Samira Negrouche is a writer of effort, always renewed. Reading J’habite en mouvement, his personal anthology of poetry (2001-2022), then Stations, a collection of various writings, we are struck by his ability to go in several directions without departing from his trajectory. That of a poet and essayist born in Algiers in 1980, driven by the need to understand her country, Algeria, but also Africa, and of course herself. “It was his generation who had the burden of receiving the legacy, the responsibility of examining the traumas, that, now, of living without reproducing”, underlines the French writer Nicole Caligaris in the preface to Stations.

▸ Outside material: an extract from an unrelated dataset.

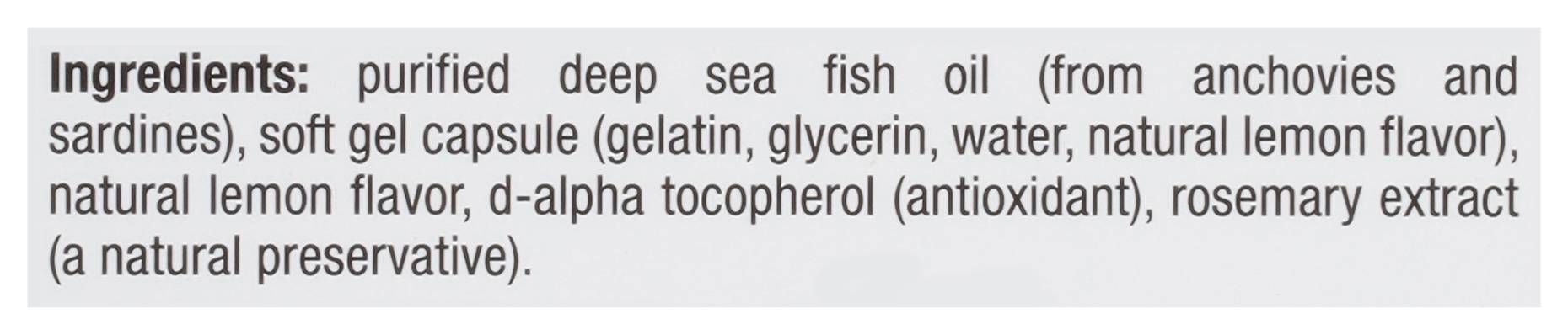 Ingredients: Purified Deep Sea Fish Oil (from Anchovies and Sardines), Soft Gel Capsule (Gelatin Glycerin Water Natural Lemon Flavor), Natural Lemon Flavor, D-Alpha Tocopherol (Antioxidant), Rosemary Extract (a Natural Preservative) Contains: Fish

Rivaled to the history of her country, aware of its past as well as its present, of the diversity of Algerian languages ??and cultures, Samira Negrouche claims her freedom in each poem, in each essay. Speaking of Algerians in a letter to Leïla Sebbar, she defines herself with them as “free people who want to live, write poetry and be happy to drink a cup of tea in some Moorish café”.
“Languages ??that repair themselves”
Bringing together texts published in journals or delivered at conferences around the world, Stations seduces with its thematic construction. In “Who’s Talking?” », Written in Algiers in 2015, Samira Negrouche imagines a response to the reproach made to her for writing in French.
“Genealogy, French, the Algerian language, my three mother tongues… I had the time to dig into several possible answers, each time trying to be as accurate as possible in my thinking, to respond in the least cynical way to questions. questions that hide others, probably more difficult to measure (…)
The three languages ??that were given to me in my childhood are a living triangle on which other languages ??freely aggregate, all speaking and repairing each other. I say repair themselves, because languages ??carry within them moldy costumes that need to be cleared, emotional and ideological charges that need to be shaken off urgently. »
Samira Negrouche knows the pitfalls: discouragement, illusions, beliefs and ready-made ideas. She writes to stay lucid, and avoid them. This is fully apparent in her text “For Women in Black” (August 2007), which questions the place of women, former activists or simply educated and active, in Algeria since the “black decade”.
“God is a black woman”
The acuity of the poet translated into thirty languages ??is just as striking in her anthology. I live in motion brings together poems published in personal (“Jazz under the olive trees”), collective (“I kissed the dawn of summer, in the footsteps of Arthur Rimbaud”); “Departments and territories of ‘outre-ciel’ in homage to Senghor), and other writings as part of a collaboration with an artist.
Thus the sublime “Traces”, imagined in 2019 for the Senegalese choreographer and performer Fatou Cissé. We hear the voice of a woman who does not sleep at night, haunted by “the faces that come back to my memory”. Facing the sea, she watches the ballet of the waves. “Everything about us ends up being covered up/everything about us remains,” she says. The poem ends as she crosses Africa from north to south, then goes up to the Porte de Gorée. “God is a black woman with soot-covered legs,” she says in this text, the blanks and voids left on the page hinting at the dancer’s movement.
This movement that Samira Negrouche inhabits, as she repeatedly declaims in the poem “Quai 2I1”. Earlier in the collection, we read poems about Rimbaud and the Arab Springs; a “Requiem for the Fig Tree of My Ancestors”, burned during the summer 2021 forest fires; a text on migration to Europe (“this dead end, this indeterminate flight”, she writes). As convincing in experimentation as in more classic forms, Samira Negrouche writes as one dives, without hesitation. His prose embraces with equal ardor passion, anger, longing and pain. At the end there triumphs an energetic call to never allow oneself to be put to sleep or confined.
“Child come from the dawn
don’t wait – life is sleeping
on tamed thresholds. »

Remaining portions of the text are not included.